» **TASK DESCRIPTION**
The records below must be written out exactly, with every picture left behind.

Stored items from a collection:
####################
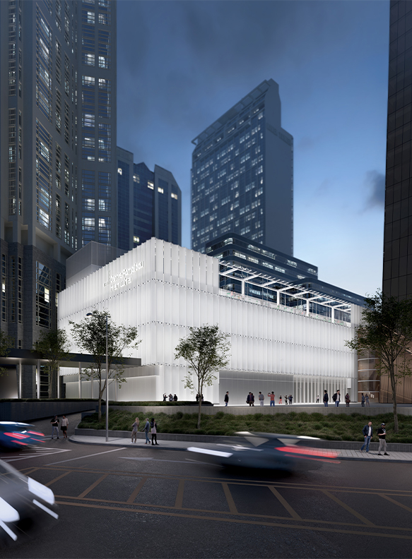 Pour accueillir cette nouvelle institution, Hanwha a confié à Wilmotte & Associés la réhabilitation d’un site de 15 000 m² situé à la base de la tour 63, gratte-ciel emblématique et siège du groupe Hanwha, sur l’île de Yeouido à Séoul, au cœur du quartier financier.
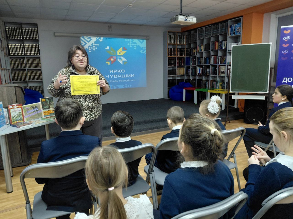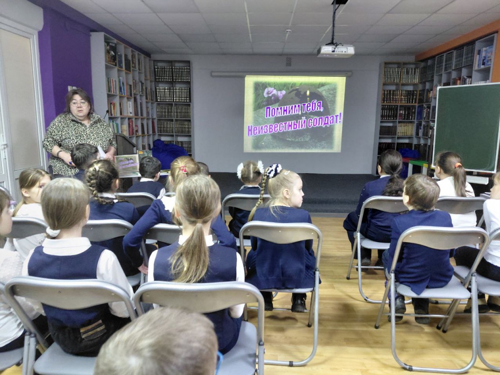 Специалисты информационно-библиографического отдела Чувашской республиканской детско-юношеской библиотеки пригласили обучающихся третьего класса средней школы № 36 г. Чебоксары на урок мужества «Судьба Неизвестного Солдата», приуроченного ко Дню Неизвестного Солдата. Он состоялся в рамках проекта Главы Республики «Ярко в Чувашии».
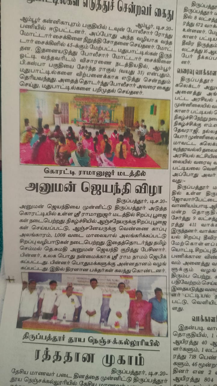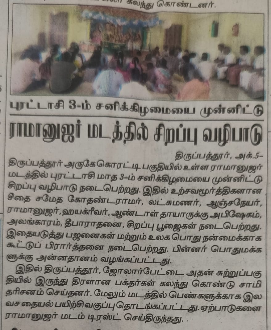 திருப்பத்தூர்-சேலம் சாலையில் திருப்பத்துர் அடுத்த 8-ஆவது கிலோமீட்டர் தொலைவில் ஸ்ரீ ராமானுஜர் மடம் தர்மசத்திரம் கட்டியுள்ளோம்.
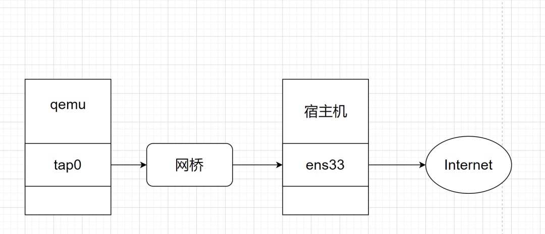 因为之后需要用scp传文件以及启动服务等操作肯定是需要配置qemu模拟环境网络的,大概原理就是设置一个网桥,然后开一个接口,把这个接口给qemu,然后流量的发送都通过这个网桥,画成图的话就是下面这个样子。
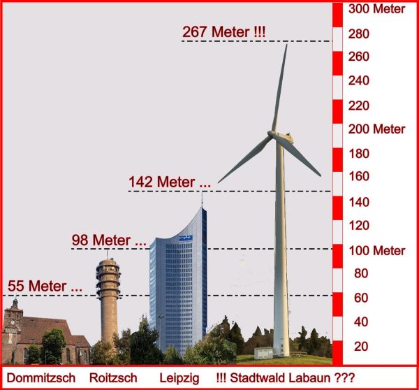 Selon le plan d’urbanisme de la ville de Dommitzsch, le parc éolien, avec ses éoliennes de 267 mètres de haut, devait offrir les avantages suivants :
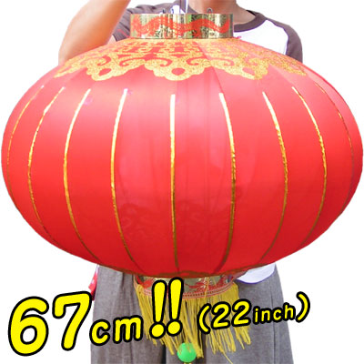 中国金条辺紅中華提灯(サテンランタン赤、長67cm)22inch||中国,伝統,宮灯,宮燈,プラデコ,中華街,お土産,提灯,紅,赤,折り畳み,店舗,装飾,デコレーション)
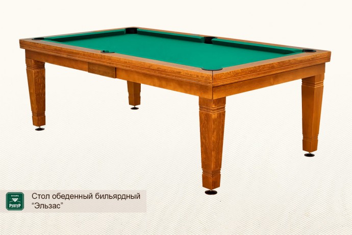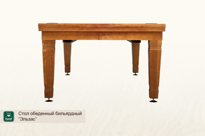 Элегантный обеденный стол на 12 персон. Прекрасно вписывается в домашний интерьер. После снятия столешницы превращается в бильярд размером 6,5 футов, который оборудован системой ската шаров к середине длинного борта, встроенными двумя пеналами для хранения четырех киев и полкой для шаров.
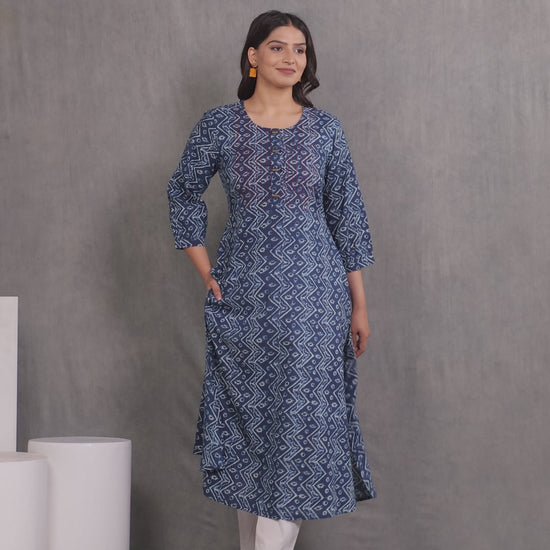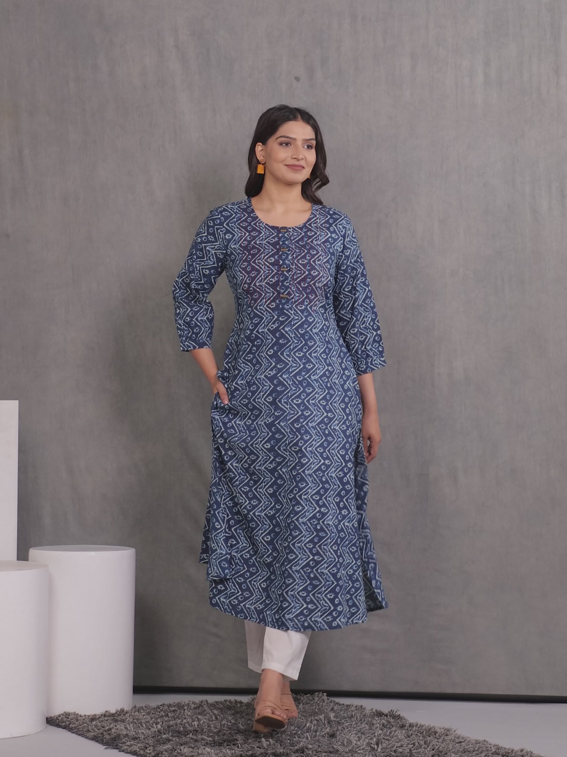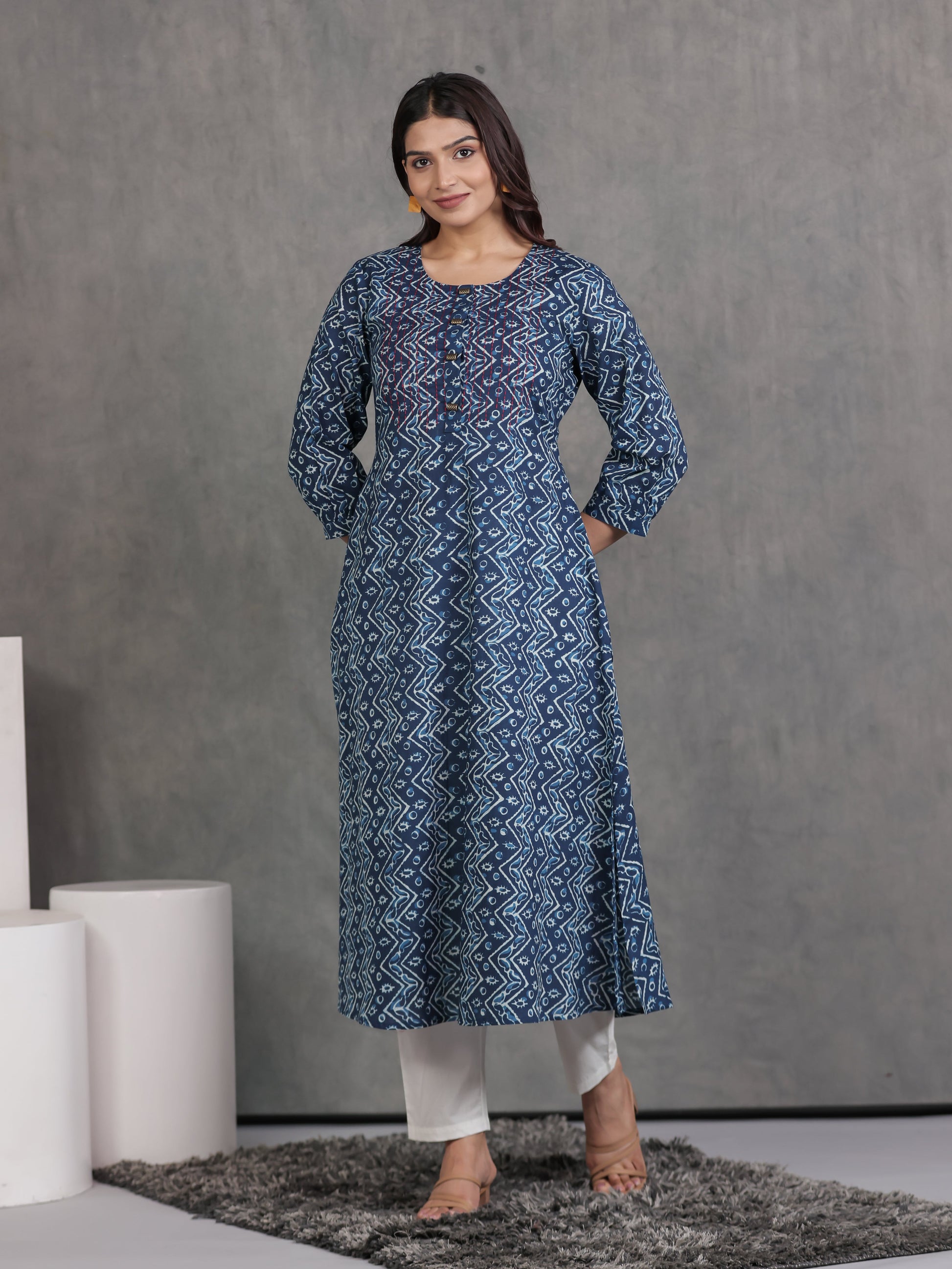 Embroidered Soft Cotton Geometric A-line Blue Kurta
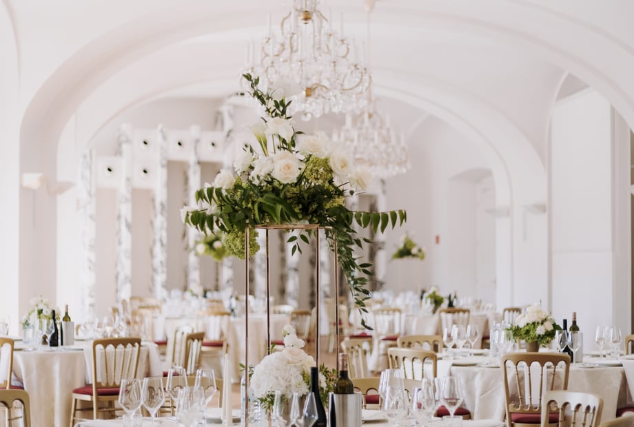 Kombinieren Sie Ihre Trauung mit einem wunderbaren Fest im Saal Maria Theresia (bis 150 Personen) oder in der Orangerie (mit bis zu 400 Personen).
####################
» **RESPONSE FOR THIS EXERCISE**
 Pour accueillir cette nouvelle institution, Hanwha a confié à Wilmotte & Associés la réhabilitation d’un site de 15 000 m² situé à la base de la tour 63, gratte-ciel emblématique et siège du groupe Hanwha, sur l’île de Yeouido à Séoul, au cœur du quartier financier.
 Специалисты информационно-библиографического отдела Чувашской республиканской детско-юношеской библиотеки пригласили обучающихся третьего класса средней школы № 36 г. Чебоксары на урок мужества «Судьба Неизвестного Солдата», приуроченного ко Дню Неизвестного Солдата. Он состоялся в рамках проекта Главы Республики «Ярко в Чувашии».
 திருப்பத்தூர்-சேலம் சாலையில் திருப்பத்துர் அடுத்த 8-ஆவது கிலோமீட்டர் தொலைவில் ஸ்ரீ ராமானுஜர் மடம் தர்மசத்திரம் கட்டியுள்ளோம்.
 因为之后需要用scp传文件以及启动服务等操作肯定是需要配置qemu模拟环境网络的,大概原理就是设置一个网桥,然后开一个接口,把这个接口给qemu,然后流量的发送都通过这个网桥,画成图的话就是下面这个样子。
 Selon le plan d’urbanisme de la ville de Dommitzsch, le parc éolien, avec ses éoliennes de 267 mètres de haut, devait offrir les avantages suivants :
 中国金条辺紅中華提灯(サテンランタン赤、長67cm)22inch||中国,伝統,宮灯,宮燈,プラデコ,中華街,お土産,提灯,紅,赤,折り畳み,店舗,装飾,デコレーション)
 Элегантный обеденный стол на 12 персон. Прекрасно вписывается в домашний интерьер. После снятия столешницы превращается в бильярд размером 6,5 футов, который оборудован системой ската шаров к середине длинного борта, встроенными двумя пеналами для хранения четырех киев и полкой для шаров.
 Embroidered Soft Cotton Geometric A-line Blue Kurta
 Kombinieren Sie Ihre Trauung mit einem wunderbaren Fest im Saal Maria Theresia (bis 150 Personen) oder in der Orangerie (mit bis zu 400 Personen).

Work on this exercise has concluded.